Trinidad Drilling Ltd. Announces Unaudited Consolidated Earnings Results for the Third Quarter and Nine Months Ended September 30, 2017; Provides Capital Expenditure Guidance for 2017
For the nine months, the company's revenue was $363,713,000 compared to $269,086,000 for the same period a year ago. Loss before income taxes were $106,444,000 compared to $65,784,000 for the same period a year ago.
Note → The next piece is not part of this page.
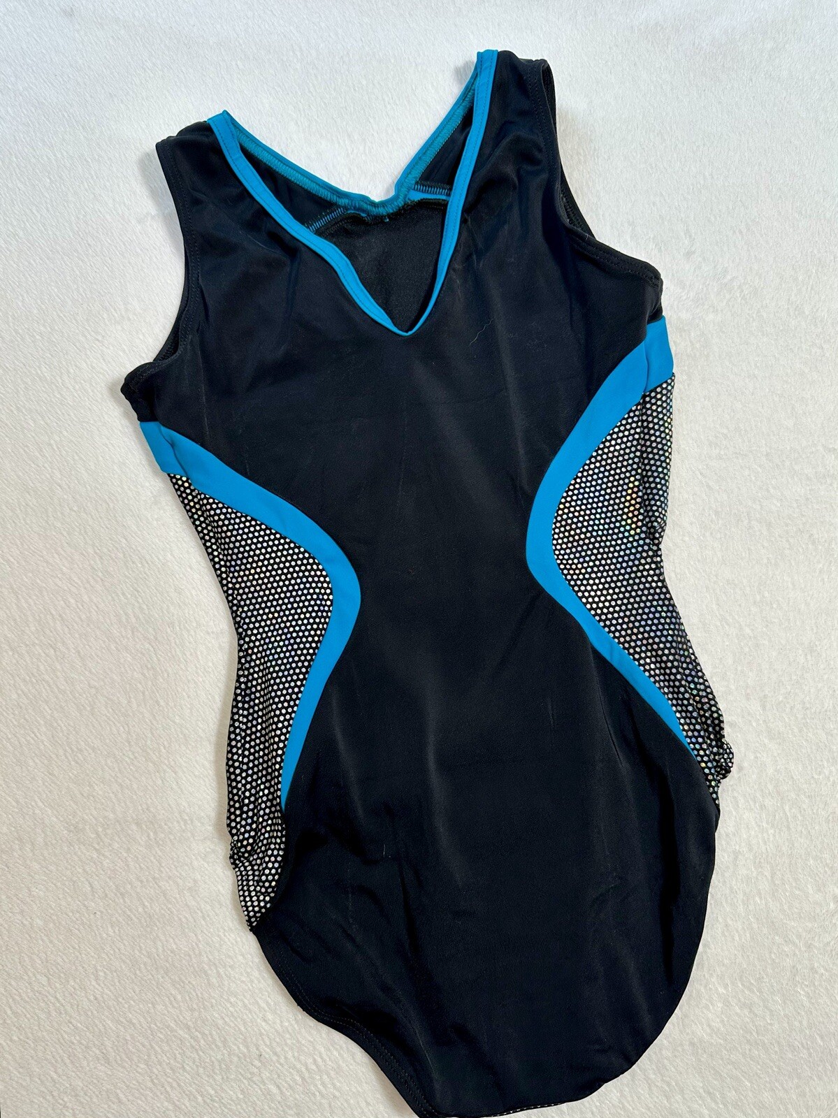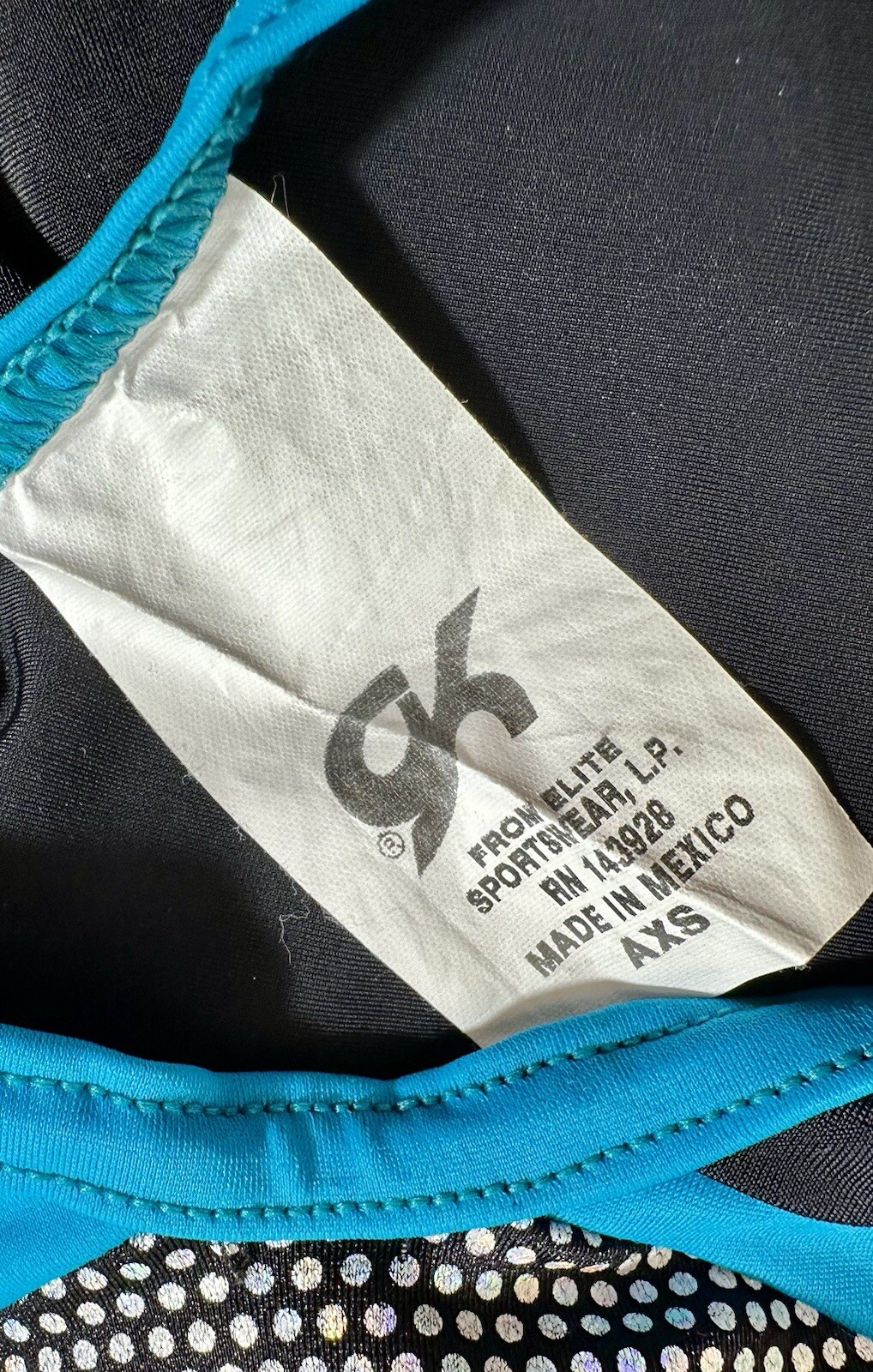 GK ELITE Gymnastics Leotard USA OLYMPIC Team Member BLACK BLUE Flag LEO Sz: AXS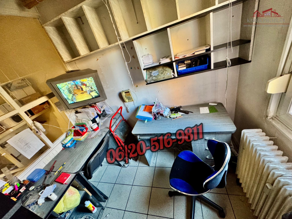 Közvetlenül felette található a 44m2-es lakás, amit belül nyitottak egybe, így az üzletből egy lépcsőn keresztül megközelíthető. A kis lakás jelenleg irodaként, és raktárként funkcionál, de jó műszaki, és átlagos esztétikai állapotban van, bármikor könnyen vissza alakítható lakássá.

Net loss attributable to shareholders of company was $61,927,000 or $0.23 per basic and diluted share against $40,733,000 or $0.18 per basic and diluted share a year ago. Cash flows used in operations was $3,035,000 compared to cash provided from operations of $38,293,000 for the same period a year ago. Purchase of property and equipment was $111,128,000 compared to $38,345,000 for the same period a year ago. Purchase of intangibles was $3,145,000. Adjusted EBITDA was $93,370,000 compared to $119,233,000 for the same period a year ago. Operating income was $109,425,000 against $131,337,000 for same period a year ago. Funds flow was $18,710,000 or $0.07 per basic and diluted share against $45,022,000 or $0.20 per basic and diluted share for same period a year ago.
In 2017, Trinidad expects to spend approximately $175 million in capital expenditures.